All modules are configured via `USTTBaseProcessorConfig` (a UObject subclass per processor type). Base settings are in `FSTTBaseSettings` (`Public/STTStructs.h`):

- `bUsePTT` — Push-to-talk vs. freespeech (VAD) mode
- `bCanInterrupt` — Whether user speech can interrupt the avatar
- `FreespeechPostRollTime` — Seconds of silence after speech before `Finalizing` is emitted
- `PTTPostRollTime` — Seconds after PTT release before `Finalizing` (currently unused — PTT emits Finalizing immediately on release)
- `MaxTalkingTime` — Hard timeout on PTT press duration
- `VADSettings` — Mode, min speech time, min amplitude threshold, speech-while-blocked threshold
- `WebRTCSettings` — Echo cancellation, noise suppression, AGC flags
- `SpeexDSPSettings` — Speex processing entries
- `STTReplacements` — Word replacement pairs applied to final transcription
- `STTSpecialWords` — Hints passed to transcription service for uncommon words

---

## Key Files

```
Public/
  STTStructs.h                        — ESTTChainState, ESTTTalkingState, FAudioInformation, FSTTBaseSettings
  STTManagerBase.h/.cpp               — Pipeline assembly, state machine, delegate wiring
  Recorder/STTRecorderBase.h          — FDelegateUnprocessedChunkReceived
  Preprocessor/STTPreprocessorBase.h  — FDelegateProcessedChunk, virtual OnChunkReceived
  Processor/STTProcessorBase.h        — virtual OnChunkReceived, OnTranscriptionResult helpers

Private/
  STTManagerBase.cpp                  — InitSTTManager (BindUFunction chain), UserSpeechStateChanged
  Preprocessor/STTPreprocessorPTT.cpp — Finalizing on SILENCE, Discarding on BLOCKED
  Preprocessor/STTPreprocessorVAD.cpp — Finalizing after postroll, Discarding on BLOCKED
  Preprocessor/STTPreprocessorBuffer.cpp — ChainState-driven flush, bDiscardWhenNotFilledFullyOnce
  Processor/Azure/STTProcessorAzure.cpp       — Streaming Azure recognition
  Processor/Parakeet/STTParakeetProcessorBase.cpp — TCP JSON protocol to Python server
  Processor/Whisper/STTProcessorWhisper.cpp   — Batch HTTP to OpenAI
```

---

## State Machine (ESTTTalkingState)

Used for UI and for VAD/PTT internal logic only.
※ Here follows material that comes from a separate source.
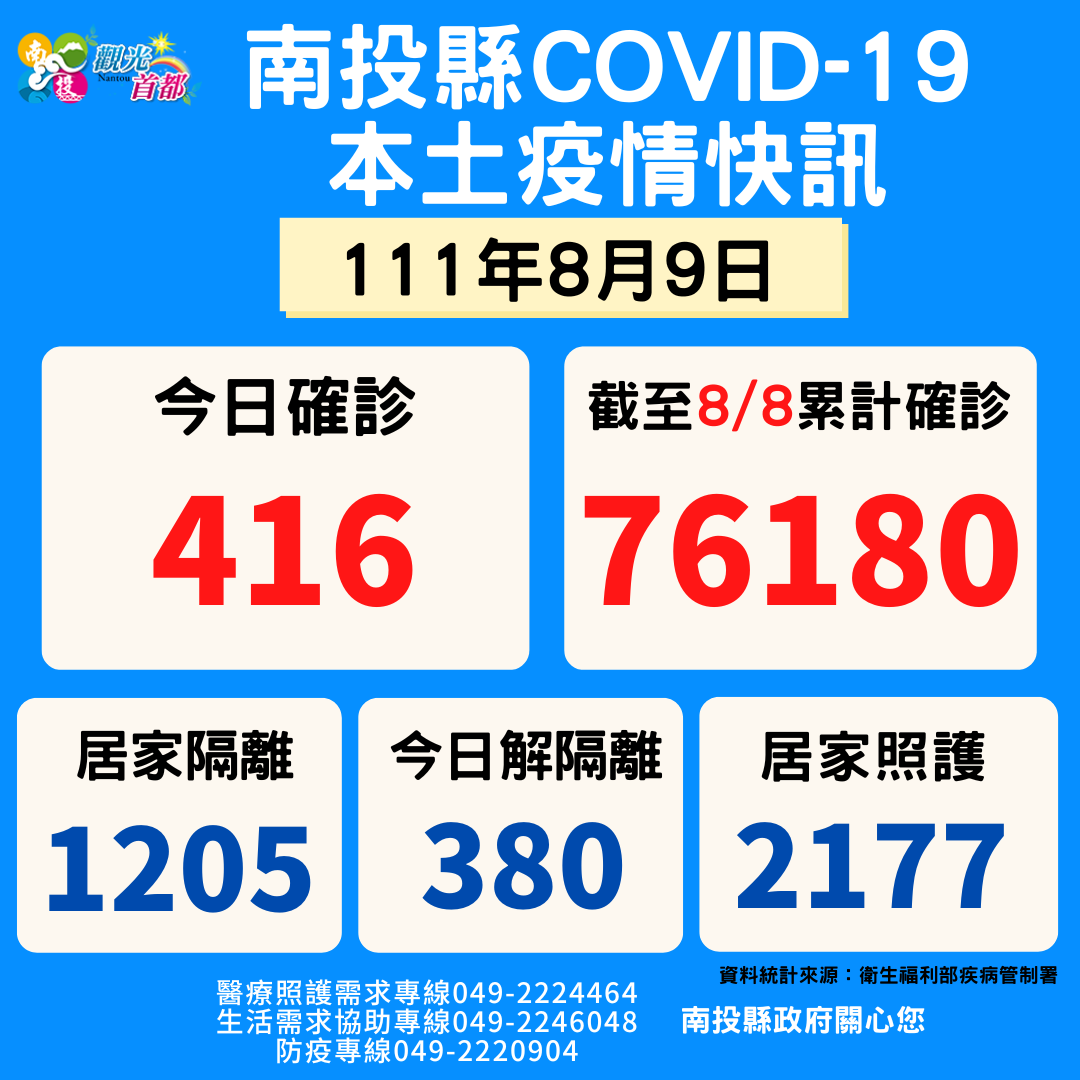 防疫宣傳 居家照護關懷手冊 防疫補助 勞工紓困 農漁畜牧 觀光紓困 企業紓困 租稅紓困 藝文紓困 中央各部會防疫專區 首頁 防疫宣傳 8/9南投縣疫情快訊 8/9南投縣疫情快訊 公佈單位:新聞及行政處 發佈日期:111/8/9

Processors do NOT subscribe to `OnSpeechStateChanged`.

```
SILENCE ──(VAD/PTT detects speech)──▶ TALKING
TALKING ──(VAD postroll / PTT release)──▶ SILENCE   [Finalizing propagates through chain]
TALKING ──(SetBlocked)──▶ BLOCKED                   [Discarding propagates through chain]
BLOCKED ──(SetBlocked false / interrupt)──▶ SILENCE
ANY     ──(transcription complete)──▶ SILENCE
```

`TRANSCRIBING` is a transitional state set by Whisper before sending an HTTP request; other processors do not use it.

---

## Common Pitfalls

- **Pass-through preprocessors must forward `Finalizing`/`Discarding` even on empty `PCMData`.** The Converter, SpeexDSP, and WebRTC all have early-return guards for empty/misaligned data — these guards check `ChainState != Processing` before returning so control signals are not swallowed.
- **PTT emits an empty `TArray<int16>` with `Finalizing`.** Processors must guard against transcribing zero-length audio (they already do via `BufferedPCMData.Num() == 0` checks).
- **Azure runs a background thread (`FAzureRunnable`).** `StopRecognition(false)` signals a graceful stop; the runnable delivers the final result via `OnRecognized`/`OnRunnableEnded` callbacks on the game thread. `StopRecognition(true)` is a forced abort (used on `Discarding`).
- **Parakeet communicates over TCP with a local Python server** (`ParakeetSTT.bat`). In editor (`bKeepAlive=true`) the Python process is kept alive between PIE sessions to avoid restart overhead.
- **`BindUFunction` matches by string name and delegate parameter types.** All `OnChunkReceived` overrides must have exactly the same signature as the base UFUNCTION or the bind will fail at runtime.